Supplied material ▸

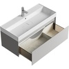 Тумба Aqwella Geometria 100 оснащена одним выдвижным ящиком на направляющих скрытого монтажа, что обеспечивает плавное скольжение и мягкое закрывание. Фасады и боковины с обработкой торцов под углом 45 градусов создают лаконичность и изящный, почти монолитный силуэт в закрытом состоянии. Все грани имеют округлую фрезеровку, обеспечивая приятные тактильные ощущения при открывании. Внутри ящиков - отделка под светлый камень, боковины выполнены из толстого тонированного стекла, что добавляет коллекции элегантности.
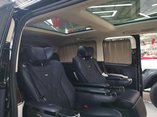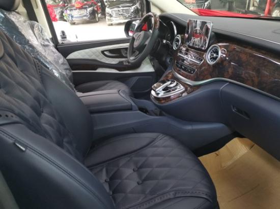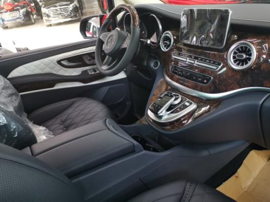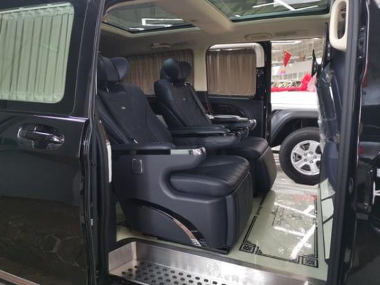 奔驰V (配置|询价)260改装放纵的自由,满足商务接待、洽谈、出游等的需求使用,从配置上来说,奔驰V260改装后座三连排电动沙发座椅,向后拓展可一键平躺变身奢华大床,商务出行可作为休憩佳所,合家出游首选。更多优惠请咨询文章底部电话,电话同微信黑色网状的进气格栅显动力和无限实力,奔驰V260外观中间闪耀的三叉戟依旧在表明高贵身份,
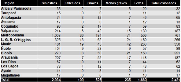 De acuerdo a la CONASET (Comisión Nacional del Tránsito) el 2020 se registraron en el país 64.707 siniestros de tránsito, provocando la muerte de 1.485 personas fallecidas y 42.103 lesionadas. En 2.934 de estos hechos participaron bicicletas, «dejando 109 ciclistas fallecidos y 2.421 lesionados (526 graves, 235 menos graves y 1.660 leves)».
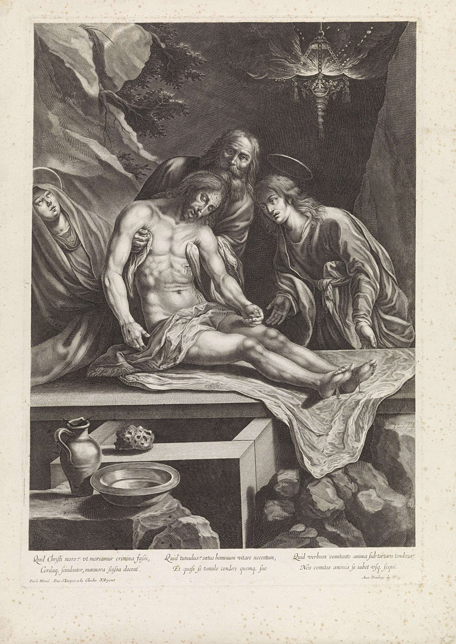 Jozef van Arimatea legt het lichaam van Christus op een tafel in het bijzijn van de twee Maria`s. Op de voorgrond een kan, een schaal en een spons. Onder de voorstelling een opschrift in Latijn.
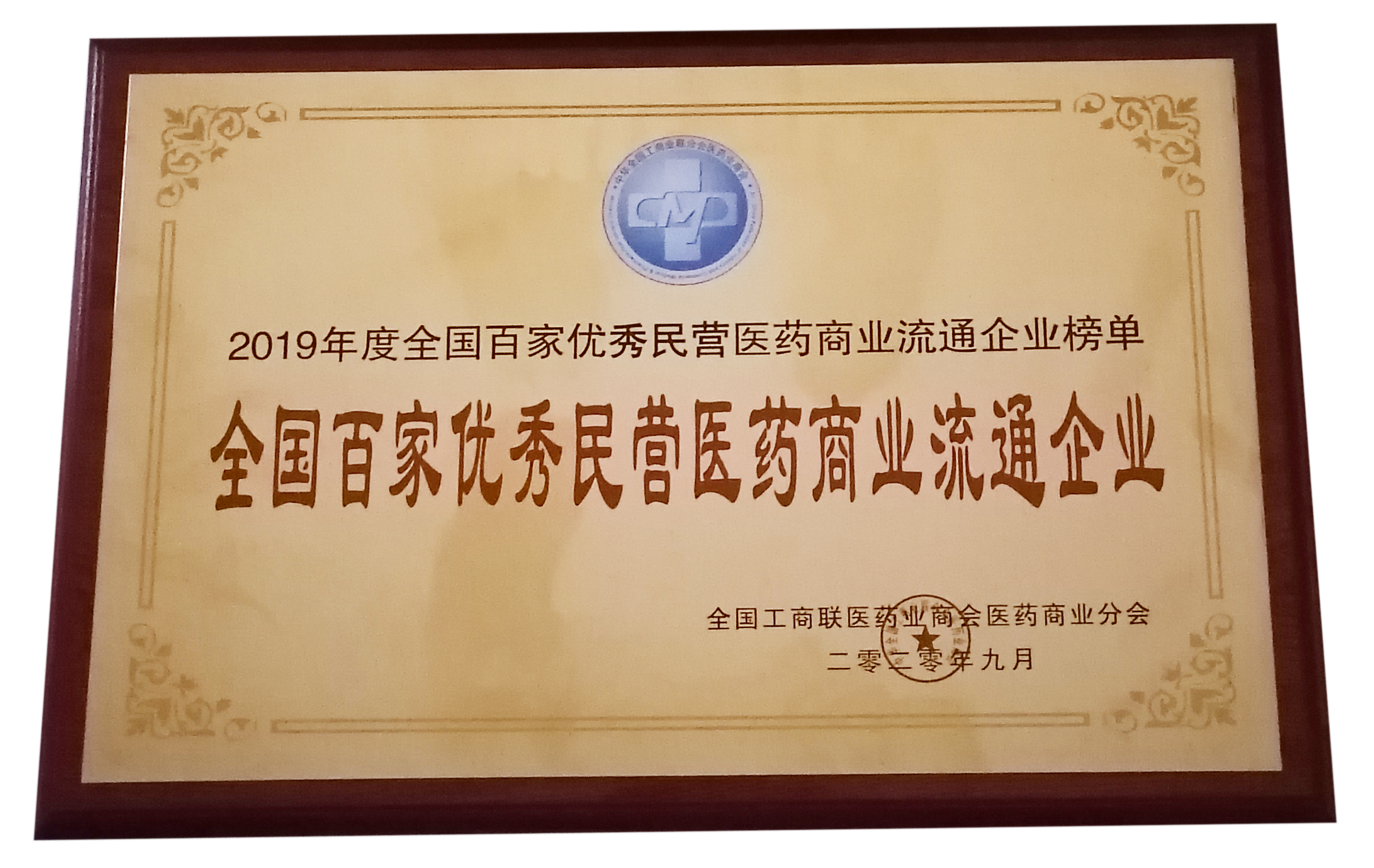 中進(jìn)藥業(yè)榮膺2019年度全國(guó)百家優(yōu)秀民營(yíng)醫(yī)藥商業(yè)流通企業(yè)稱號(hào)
...
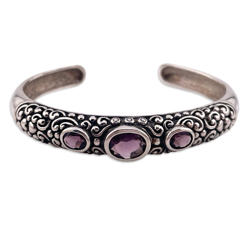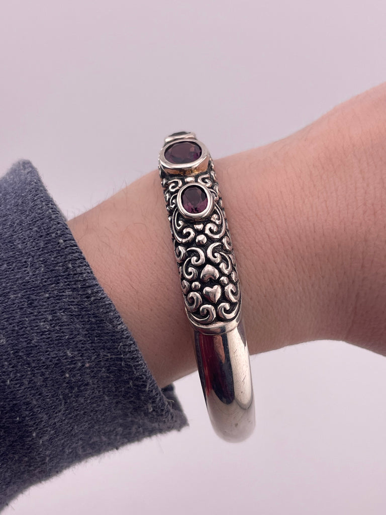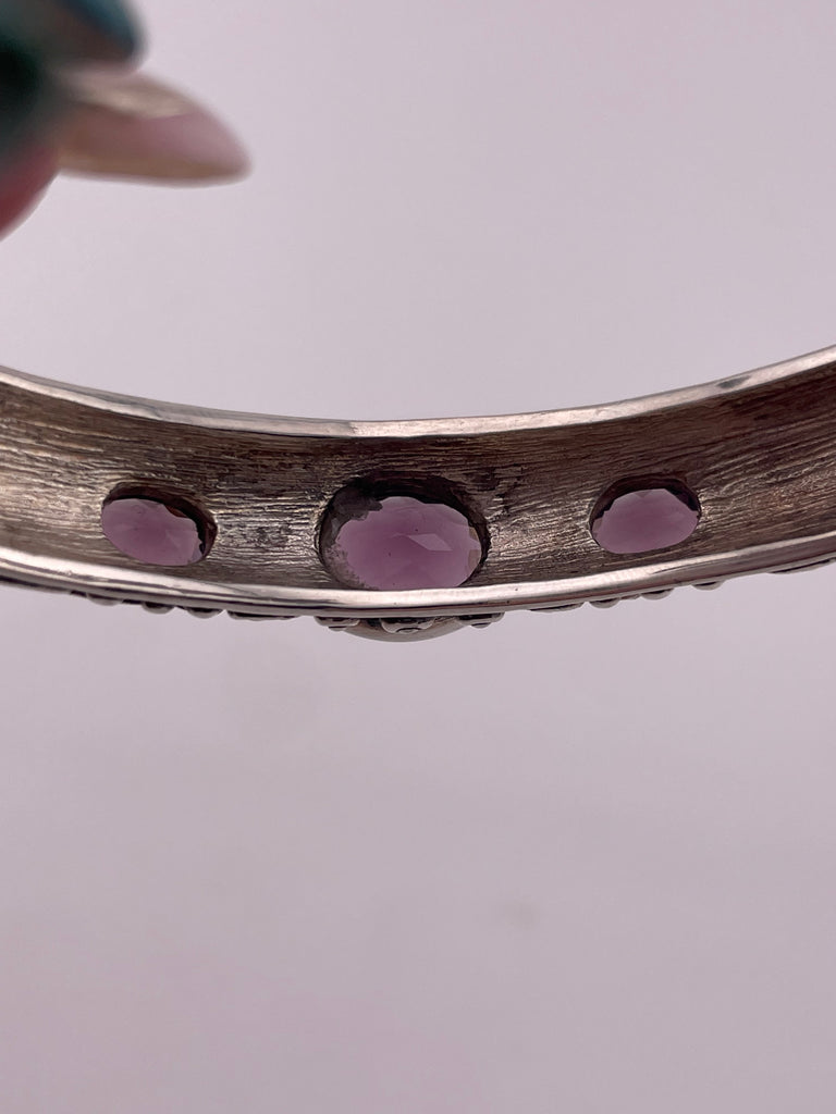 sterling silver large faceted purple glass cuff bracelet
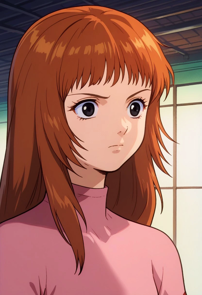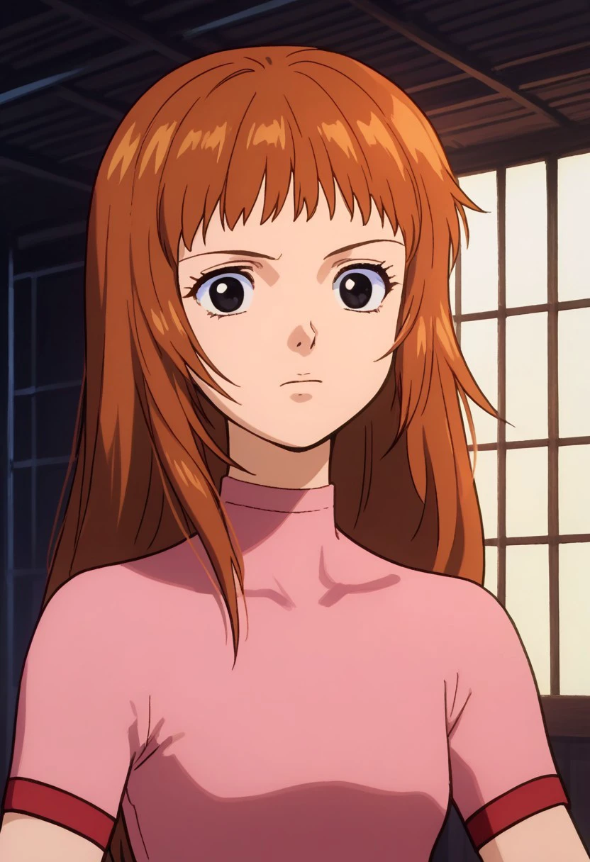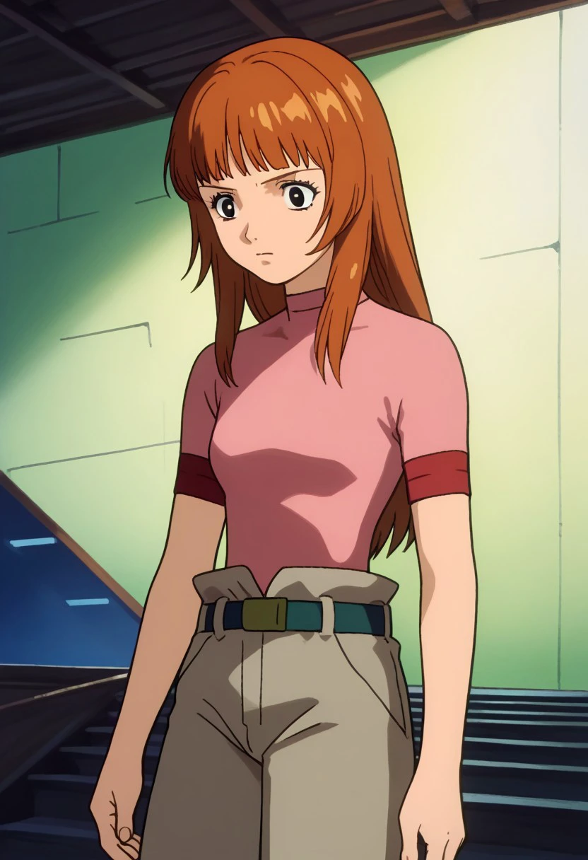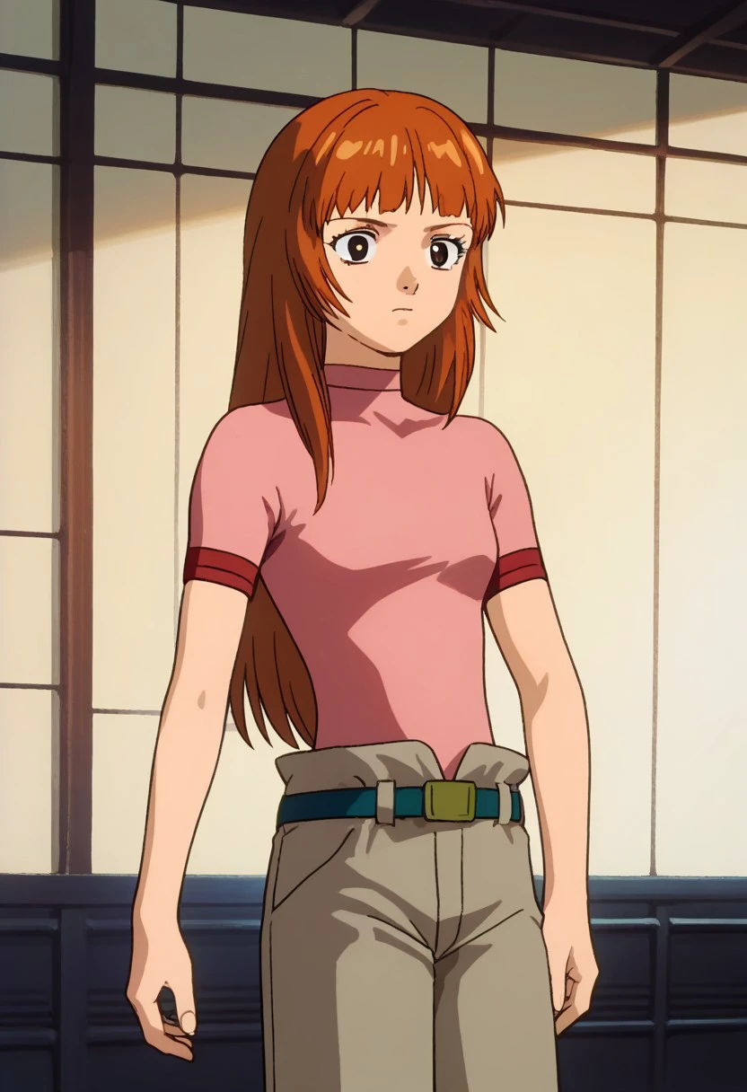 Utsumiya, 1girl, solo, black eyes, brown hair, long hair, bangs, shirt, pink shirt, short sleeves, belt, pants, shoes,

What the task asks ▸
Find where the line with "Тумба Aqwella Geometria" sits in the material above and where the line with "Jozef van Arimatea" sits. Set down exactly the lines from the first to the second, both included and nothing else, without pictures.

Task output ▸
 Тумба Aqwella Geometria 100 оснащена одним выдвижным ящиком на направляющих скрытого монтажа, что обеспечивает плавное скольжение и мягкое закрывание. Фасады и боковины с обработкой торцов под углом 45 градусов создают лаконичность и изящный, почти монолитный силуэт в закрытом состоянии. Все грани имеют округлую фрезеровку, обеспечивая приятные тактильные ощущения при открывании. Внутри ящиков - отделка под светлый камень, боковины выполнены из толстого тонированного стекла, что добавляет коллекции элегантности.
 奔驰V (配置|询价)260改装放纵的自由,满足商务接待、洽谈、出游等的需求使用,从配置上来说,奔驰V260改装后座三连排电动沙发座椅,向后拓展可一键平躺变身奢华大床,商务出行可作为休憩佳所,合家出游首选。更多优惠请咨询文章底部电话,电话同微信黑色网状的进气格栅显动力和无限实力,奔驰V260外观中间闪耀的三叉戟依旧在表明高贵身份,
 De acuerdo a la CONASET (Comisión Nacional del Tránsito) el 2020 se registraron en el país 64.707 siniestros de tránsito, provocando la muerte de 1.485 personas fallecidas y 42.103 lesionadas. En 2.934 de estos hechos participaron bicicletas, «dejando 109 ciclistas fallecidos y 2.421 lesionados (526 graves, 235 menos graves y 1.660 leves)».
 Jozef van Arimatea legt het lichaam van Christus op een tafel in het bijzijn van de twee Maria`s. Op de voorgrond een kan, een schaal en een spons. Onder de voorstelling een opschrift in Latijn.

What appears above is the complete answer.